The rise of extremism in Greece is a serious problem. The eurozone establishment has simultaneously legitimized the far-right by adopting anti-immigrant policies and islamophobic rhetoric while attempting to also pigeonhole Syriza and other left forces as an example of the rise of European extremism. Euclid Tsakalotos, Syriza’s shadow Finance Minister recently told the Guardian that modern politics has shifted “so much to the right since the advent of Thatcherism that the party’s proposals now seem radical.” He pointed out that Syriza positions that Euro elites call radical were standard in the 1950s and 60s. “We are only more radical in the sense that we have been influenced by the anti-global movement and believe in concepts of participatory democracy,” he said. Where as Thatcher argued that there was no alternative to neoliberalism and austerity, Syriza has stirred ire for challenging a system that has failed to meet even the basic needs of the masses of people.

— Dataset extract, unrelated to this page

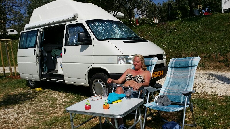 Wij staan ook lekker in Porec op de camping met de T4 Westfalia

Conclusion: Stakes are High
The stakes are high in this Greek election. But at the moment, many Greeks are hopeful about Syriza’s prospective victory and challenge to the system. Winning an absolute majority in Greece’s 300 seat parliament would be a clear victory. It would be the first time that a left party in Greece will have come to majoritarian power in modern Greek history, since the end of the “The Regime of the Colonels” dictatorship in 1974.
But recent polls this week suggest that the party would currently win 147 seats, just shy of a majority. This number includes the extra 50 seats the electoral system awards the winning party to make it easier to form a government. If they do not win an absolute majority, Syriza would have to form a coalition or garner parliamentary support from other parties to form a minority government.
Regardless, all eyes will be on Syriza long after the Jan. 25 elections, win or lose, watching to see how the party navigates the coutry’s debt, the waves of privatization flooding their country, and how the lives of the Greek people will be affected.